The records
=== Section Start ===

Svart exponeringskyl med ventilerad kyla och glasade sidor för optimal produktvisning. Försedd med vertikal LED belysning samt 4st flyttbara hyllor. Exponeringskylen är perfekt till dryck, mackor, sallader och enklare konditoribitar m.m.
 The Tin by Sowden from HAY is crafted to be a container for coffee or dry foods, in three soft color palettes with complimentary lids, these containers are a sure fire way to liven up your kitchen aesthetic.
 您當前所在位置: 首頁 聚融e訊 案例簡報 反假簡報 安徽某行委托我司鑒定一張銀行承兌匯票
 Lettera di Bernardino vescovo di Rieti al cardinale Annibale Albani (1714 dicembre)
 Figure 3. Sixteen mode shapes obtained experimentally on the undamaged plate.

=== Section End ===
=== Section Start ===

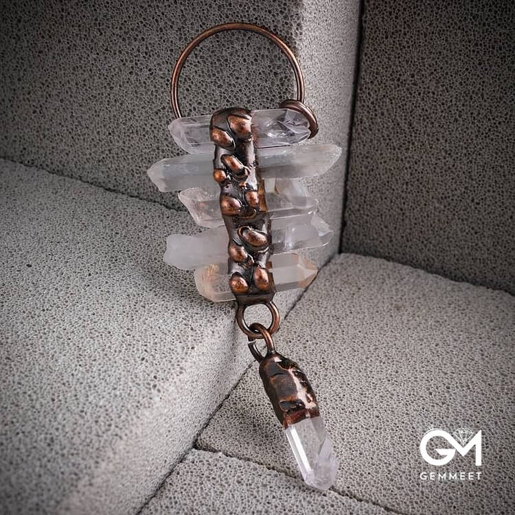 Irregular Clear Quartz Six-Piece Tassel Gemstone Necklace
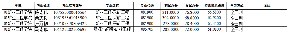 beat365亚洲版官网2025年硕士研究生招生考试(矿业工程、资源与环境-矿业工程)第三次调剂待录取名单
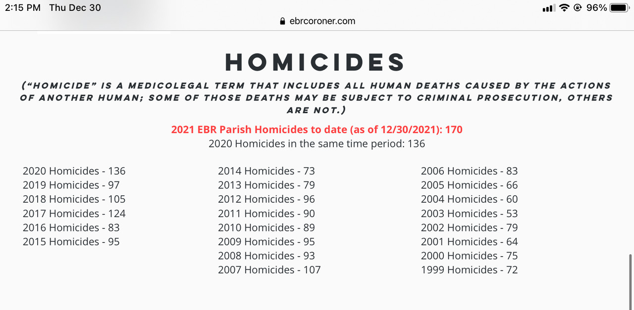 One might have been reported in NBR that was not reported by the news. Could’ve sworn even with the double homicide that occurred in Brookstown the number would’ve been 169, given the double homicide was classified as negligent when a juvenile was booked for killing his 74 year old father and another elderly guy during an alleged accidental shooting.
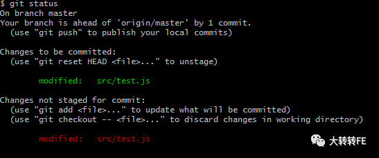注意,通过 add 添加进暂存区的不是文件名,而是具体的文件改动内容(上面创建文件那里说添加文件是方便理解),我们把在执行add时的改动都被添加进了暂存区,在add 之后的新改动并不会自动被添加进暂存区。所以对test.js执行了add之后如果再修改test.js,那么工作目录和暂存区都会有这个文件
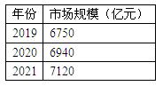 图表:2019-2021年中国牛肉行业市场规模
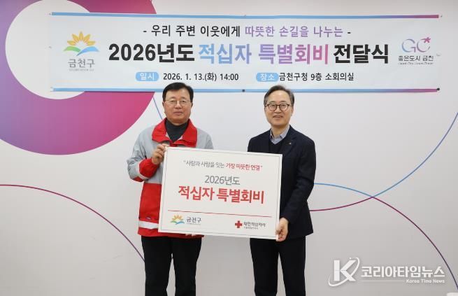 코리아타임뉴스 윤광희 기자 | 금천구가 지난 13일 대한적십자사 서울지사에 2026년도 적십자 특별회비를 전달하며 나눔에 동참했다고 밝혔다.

=== Section End ===

Action item
The material above holds pictures; leave them out and set down exactly the lines from the line with "One might have" to the line with "图表:2019-2021年中国牛肉行业市场规模", both included.

Response area
 One might have been reported in NBR that was not reported by the news. Could’ve sworn even with the double homicide that occurred in Brookstown the number would’ve been 169, given the double homicide was classified as negligent when a juvenile was booked for killing his 74 year old father and another elderly guy during an alleged accidental shooting.
注意,通过 add 添加进暂存区的不是文件名,而是具体的文件改动内容(上面创建文件那里说添加文件是方便理解),我们把在执行add时的改动都被添加进了暂存区,在add 之后的新改动并不会自动被添加进暂存区。所以对test.js执行了add之后如果再修改test.js,那么工作目录和暂存区都会有这个文件
 图表:2019-2021年中国牛肉行业市场规模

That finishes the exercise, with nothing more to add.